▶ REQUIRED ACTION:
A verbatim copy of all the data is required, minus any images.

▶ DATA EXCERPT:
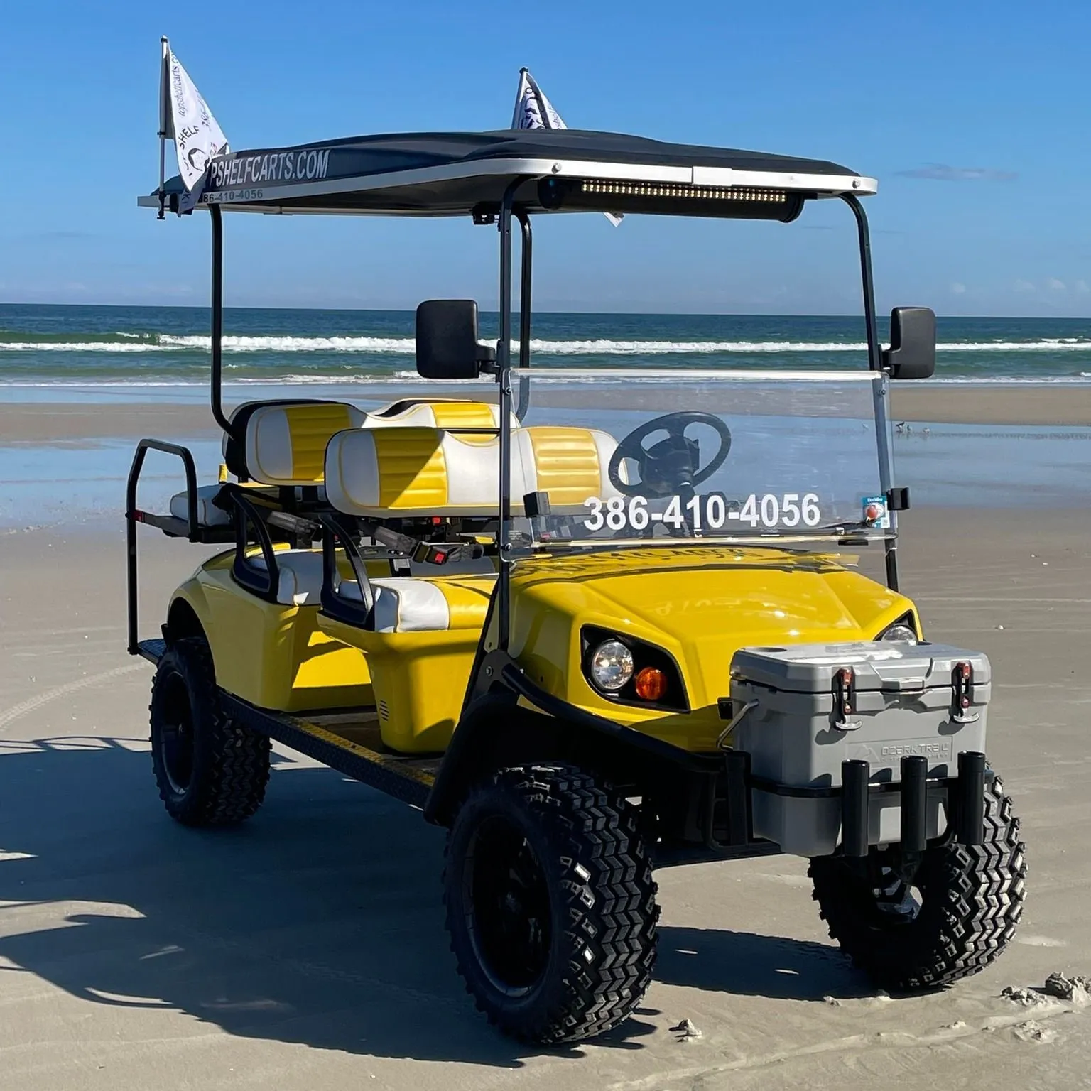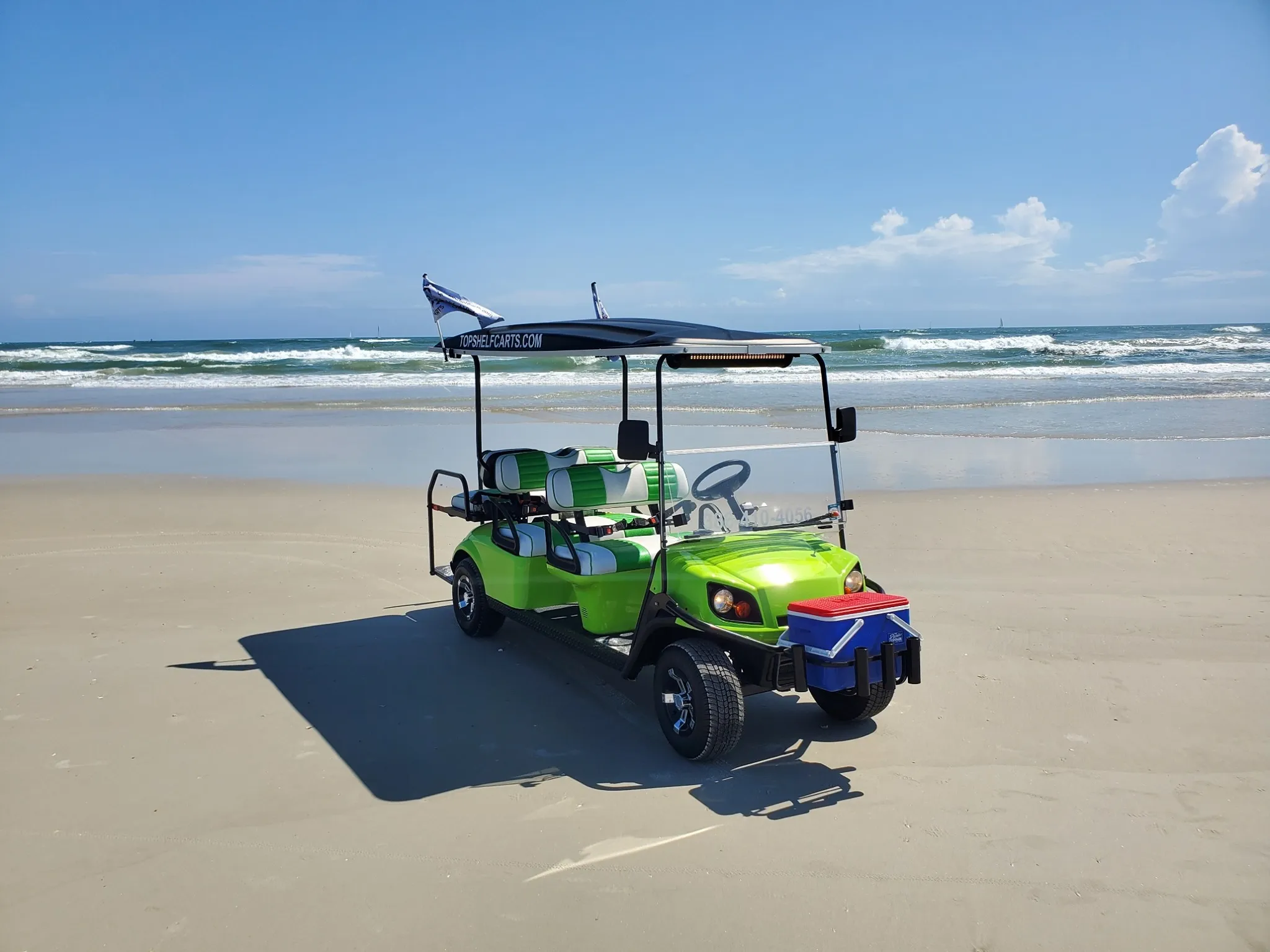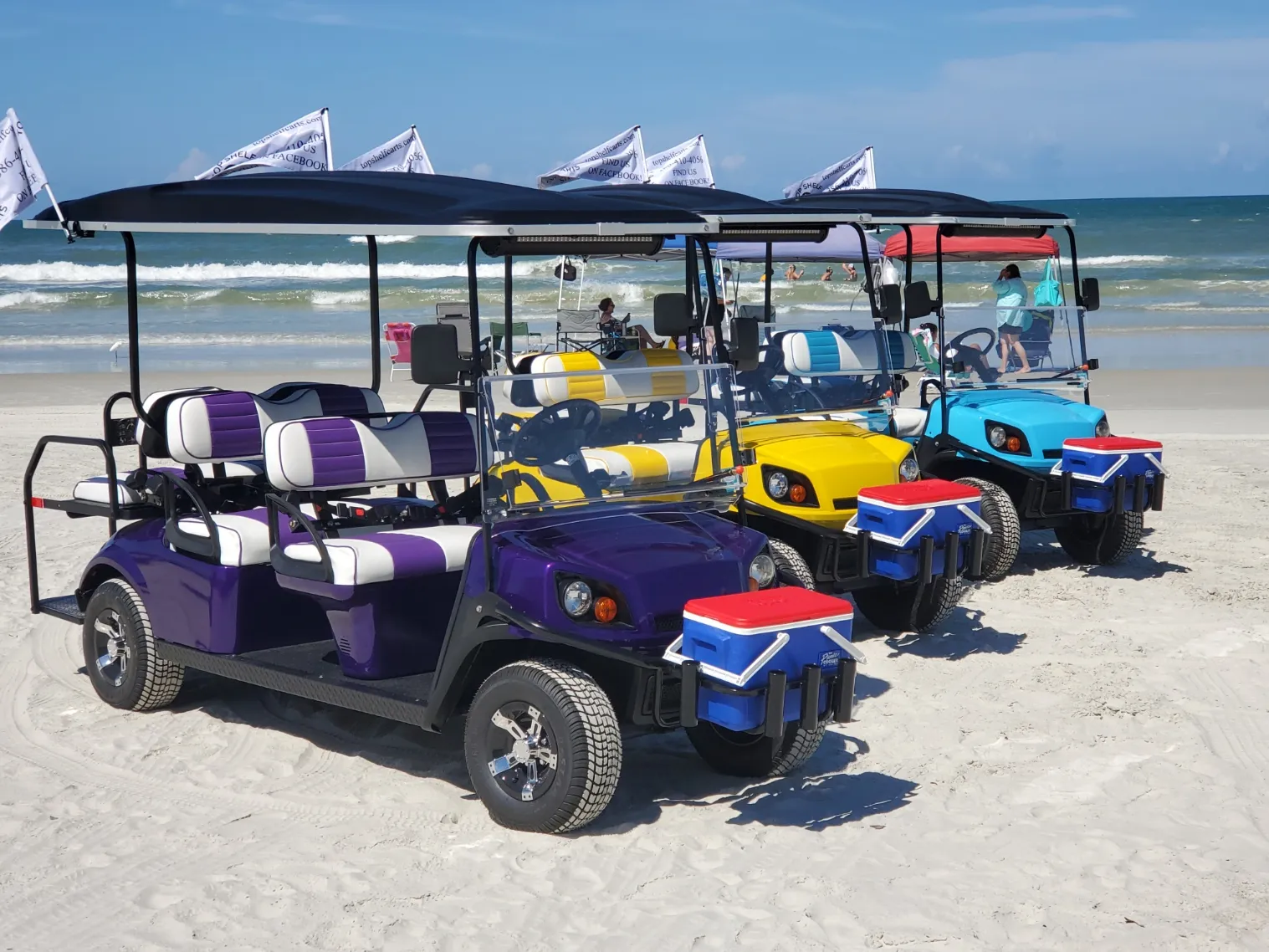 Welcome! At Top Shelf Carts, we offer you the best of the best! From rentals to repairs to customization, we are your one stop shop. Our carts are completely street legal and are perfect for your beach adventure or a fun ride around town! All of our carts come with a waterproof Bluetooth speaker, complimentary beach pass, a cooler full of ice, and free beachside delivery for 24hr+ rentals in New Smyrna Beach, Florida.
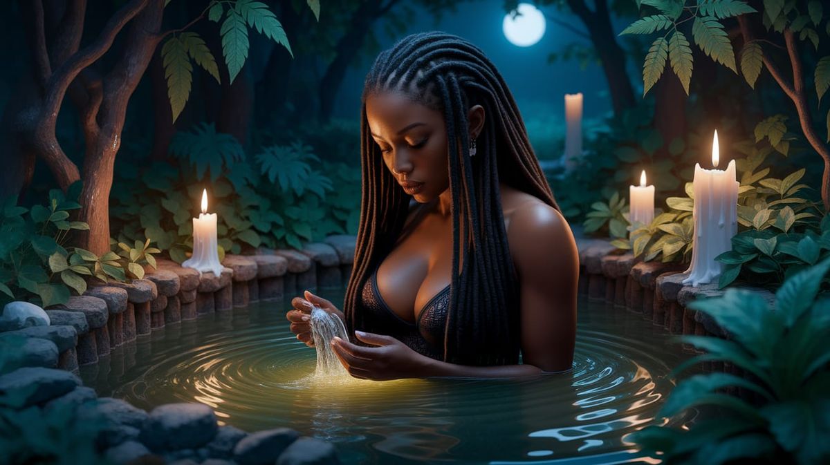 This image shows a majestic black woman with long dreadlocks bathing in a mystical forest pond under the soft glow of candlelight at night.
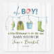 Scellez vos faveurs ou enveloppes avec cet autocollant rustique pour une baby shower sur le thème de la pêche, conçu dans un bleu aquarelle doux avec une canne à pêche, un gilet, des bottes et des leurres. Parfait pour une célébration de l'arrivée d'un petit pêcheur, il ajoute une touche coordonnée aux faveurs de fête, aux sacs de remerciement et aux décorations.

▶ ANSWER FOR THE TASK:
 Welcome! At Top Shelf Carts, we offer you the best of the best! From rentals to repairs to customization, we are your one stop shop. Our carts are completely street legal and are perfect for your beach adventure or a fun ride around town! All of our carts come with a waterproof Bluetooth speaker, complimentary beach pass, a cooler full of ice, and free beachside delivery for 24hr+ rentals in New Smyrna Beach, Florida.
 This image shows a majestic black woman with long dreadlocks bathing in a mystical forest pond under the soft glow of candlelight at night.
 Scellez vos faveurs ou enveloppes avec cet autocollant rustique pour une baby shower sur le thème de la pêche, conçu dans un bleu aquarelle doux avec une canne à pêche, un gilet, des bottes et des leurres. Parfait pour une célébration de l'arrivée d'un petit pêcheur, il ajoute une touche coordonnée aux faveurs de fête, aux sacs de remerciement et aux décorations.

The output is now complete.